- Born: September 2, 1954 Buffalo, New York, U.S.
- Died: June 19, 2009 (aged 54) Philadelphia, Pennsylvania, U.S.
- Education: University at Buffalo Law School Cornell University
- Occupation: Sportscaster
- Years active: 1976–2009

= Gary Papa =

American journalist (1954–2009)

Gary Papa (September 2, 1954 – June 19, 2009) was a sportscaster with WPVI-TV in Philadelphia from April 1981 to June 2009 and was the 5:30 p.m., 6 p.m., and 11:00 p.m. sportcaster. He joined the station as a weekend sportscaster in 1981 and was promoted to the 6:00 p.m. and 11:00 p.m. newscasts in 1991, and was named sports director one year prior. In 1999, he added the 5:30 p.m. newscast to his duties on an interim basis due to sports anchor Scott Palmer anchoring regular news on weekend mornings joined by health reporter Anita Brikman.

==Biography==
Prior to working at WPVI, Papa worked at WGR-TV (1978-1981) in his hometown of Buffalo, New York and WSTV-TV in Steubenville, Ohio (1976-1978). Papa's brother, Greg, was the longtime radio voice of the Oakland Raiders (now the radio voice of the San Francisco 49ers).

Papa co-hosted the Saturday evening public affairs show Primetime Weekend with Cecily Tynan. He had hosted the program since December 3, 1983, when he took over after the death of Jim O'Brien.
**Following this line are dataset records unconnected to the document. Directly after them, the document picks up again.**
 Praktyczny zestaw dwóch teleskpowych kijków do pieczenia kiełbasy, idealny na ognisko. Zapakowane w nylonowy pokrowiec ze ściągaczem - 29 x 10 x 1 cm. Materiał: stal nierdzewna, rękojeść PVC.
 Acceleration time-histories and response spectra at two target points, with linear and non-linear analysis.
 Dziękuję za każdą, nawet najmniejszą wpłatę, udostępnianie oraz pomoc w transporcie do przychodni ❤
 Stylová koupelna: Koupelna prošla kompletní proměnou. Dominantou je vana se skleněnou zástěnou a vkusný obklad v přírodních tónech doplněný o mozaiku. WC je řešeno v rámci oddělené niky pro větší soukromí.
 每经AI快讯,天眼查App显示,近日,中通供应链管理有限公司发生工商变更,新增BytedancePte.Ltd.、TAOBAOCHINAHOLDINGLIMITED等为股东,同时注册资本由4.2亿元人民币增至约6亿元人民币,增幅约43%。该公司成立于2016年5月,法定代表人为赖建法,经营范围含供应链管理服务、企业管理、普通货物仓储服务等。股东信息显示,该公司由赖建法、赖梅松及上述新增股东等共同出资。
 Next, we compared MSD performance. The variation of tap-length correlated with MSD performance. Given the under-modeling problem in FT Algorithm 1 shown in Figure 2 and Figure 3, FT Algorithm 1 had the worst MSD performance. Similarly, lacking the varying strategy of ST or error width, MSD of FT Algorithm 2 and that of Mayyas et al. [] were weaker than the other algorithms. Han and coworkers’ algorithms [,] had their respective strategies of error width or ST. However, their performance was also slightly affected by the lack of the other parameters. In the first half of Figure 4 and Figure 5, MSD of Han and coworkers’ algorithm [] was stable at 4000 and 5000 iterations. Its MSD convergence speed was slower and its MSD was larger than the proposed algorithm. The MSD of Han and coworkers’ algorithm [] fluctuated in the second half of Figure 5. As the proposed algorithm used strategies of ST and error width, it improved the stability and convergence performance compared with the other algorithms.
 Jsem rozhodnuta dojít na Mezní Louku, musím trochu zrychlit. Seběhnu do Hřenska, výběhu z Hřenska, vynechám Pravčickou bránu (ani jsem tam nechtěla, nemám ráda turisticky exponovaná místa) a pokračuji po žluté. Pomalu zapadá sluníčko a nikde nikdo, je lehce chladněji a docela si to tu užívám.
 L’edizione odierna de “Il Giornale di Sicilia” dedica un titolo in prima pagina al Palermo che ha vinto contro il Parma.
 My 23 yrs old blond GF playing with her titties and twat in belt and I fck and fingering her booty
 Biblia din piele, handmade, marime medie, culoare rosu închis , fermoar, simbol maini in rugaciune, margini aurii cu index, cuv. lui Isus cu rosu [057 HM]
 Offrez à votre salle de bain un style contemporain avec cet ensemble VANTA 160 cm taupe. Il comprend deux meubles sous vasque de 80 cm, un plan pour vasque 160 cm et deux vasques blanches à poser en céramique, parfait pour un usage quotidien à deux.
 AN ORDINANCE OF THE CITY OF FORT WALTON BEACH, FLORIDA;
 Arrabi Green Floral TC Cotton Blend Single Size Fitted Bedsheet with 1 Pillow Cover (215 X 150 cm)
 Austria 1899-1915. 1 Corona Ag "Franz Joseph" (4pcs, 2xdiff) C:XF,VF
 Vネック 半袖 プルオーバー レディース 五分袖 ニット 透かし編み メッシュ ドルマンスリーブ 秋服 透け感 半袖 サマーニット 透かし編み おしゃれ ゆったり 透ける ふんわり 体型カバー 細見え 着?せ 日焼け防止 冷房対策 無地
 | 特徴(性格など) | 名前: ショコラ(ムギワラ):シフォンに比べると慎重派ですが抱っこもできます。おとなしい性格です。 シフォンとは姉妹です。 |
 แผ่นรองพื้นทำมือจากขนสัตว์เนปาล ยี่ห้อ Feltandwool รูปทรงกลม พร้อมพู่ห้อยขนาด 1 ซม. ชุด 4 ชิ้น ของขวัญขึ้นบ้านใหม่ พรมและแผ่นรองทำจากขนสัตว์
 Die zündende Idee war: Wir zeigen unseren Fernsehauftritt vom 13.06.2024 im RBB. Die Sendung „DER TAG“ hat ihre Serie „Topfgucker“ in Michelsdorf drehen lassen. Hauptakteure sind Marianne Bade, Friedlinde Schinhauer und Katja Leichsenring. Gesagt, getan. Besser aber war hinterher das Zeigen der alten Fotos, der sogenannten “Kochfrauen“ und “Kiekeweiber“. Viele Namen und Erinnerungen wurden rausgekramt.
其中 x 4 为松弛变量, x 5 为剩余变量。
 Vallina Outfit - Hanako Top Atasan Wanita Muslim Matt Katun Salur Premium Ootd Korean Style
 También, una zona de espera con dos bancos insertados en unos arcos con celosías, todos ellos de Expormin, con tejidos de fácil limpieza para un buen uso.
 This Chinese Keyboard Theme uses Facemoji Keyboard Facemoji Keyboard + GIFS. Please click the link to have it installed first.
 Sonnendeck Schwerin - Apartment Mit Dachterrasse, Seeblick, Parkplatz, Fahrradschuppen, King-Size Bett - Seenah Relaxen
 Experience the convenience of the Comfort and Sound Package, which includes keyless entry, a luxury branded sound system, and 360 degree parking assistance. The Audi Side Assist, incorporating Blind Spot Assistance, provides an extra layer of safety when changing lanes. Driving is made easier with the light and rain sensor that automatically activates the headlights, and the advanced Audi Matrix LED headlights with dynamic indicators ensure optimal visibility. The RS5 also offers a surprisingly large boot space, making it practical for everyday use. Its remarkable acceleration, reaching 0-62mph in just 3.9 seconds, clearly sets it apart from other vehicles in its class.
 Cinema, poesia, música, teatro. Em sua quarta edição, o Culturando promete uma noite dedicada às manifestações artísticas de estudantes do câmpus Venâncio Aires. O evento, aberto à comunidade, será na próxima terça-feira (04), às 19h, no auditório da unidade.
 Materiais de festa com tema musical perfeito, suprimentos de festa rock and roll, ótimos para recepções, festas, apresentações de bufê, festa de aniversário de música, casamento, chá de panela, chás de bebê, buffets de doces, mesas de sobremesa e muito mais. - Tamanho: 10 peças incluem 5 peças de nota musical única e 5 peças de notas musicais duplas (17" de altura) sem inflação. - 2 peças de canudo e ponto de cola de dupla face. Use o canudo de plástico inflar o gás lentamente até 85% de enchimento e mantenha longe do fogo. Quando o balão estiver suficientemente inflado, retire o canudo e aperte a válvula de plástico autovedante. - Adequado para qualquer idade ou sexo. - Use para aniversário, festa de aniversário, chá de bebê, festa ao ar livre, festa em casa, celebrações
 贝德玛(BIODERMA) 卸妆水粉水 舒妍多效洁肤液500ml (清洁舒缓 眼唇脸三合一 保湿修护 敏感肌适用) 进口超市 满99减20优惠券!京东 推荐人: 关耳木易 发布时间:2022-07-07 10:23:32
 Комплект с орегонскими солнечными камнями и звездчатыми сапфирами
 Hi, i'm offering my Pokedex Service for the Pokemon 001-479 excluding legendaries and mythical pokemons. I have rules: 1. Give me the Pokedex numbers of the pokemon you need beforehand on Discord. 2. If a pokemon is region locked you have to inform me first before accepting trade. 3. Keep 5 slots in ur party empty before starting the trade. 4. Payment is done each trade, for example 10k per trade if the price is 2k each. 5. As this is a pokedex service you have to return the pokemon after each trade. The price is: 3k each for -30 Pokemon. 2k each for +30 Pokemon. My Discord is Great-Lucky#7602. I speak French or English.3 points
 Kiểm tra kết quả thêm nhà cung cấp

On April 20, 2004, he revealed to viewers that he had been receiving treatment for prostate cancer and lost his hair as a result. He continued to work while receiving chemotherapy. Three years later in July 2007, during the 6:00 p.m. Action News broadcast, Papa along with Jim Gardner announced that he once again was going through chemotherapy.

==Death==
Papa died on June 19, 2009, at 2:57 p.m. at the Hospital of the University of Pennsylvania, at the age of 54; his final sportscast on WPVI had been a month earlier, on May 13. He was survived by his father, insurance adjuster Frank Papa (1926–2019); his wife, Kathleen; and his two sons, Nathaniel and Tucker, along with his brother Greg.

==Legacy==
Papa was inducted into the Broadcast Pioneers of Philadelphia Hall of Fame on November 14, 2007.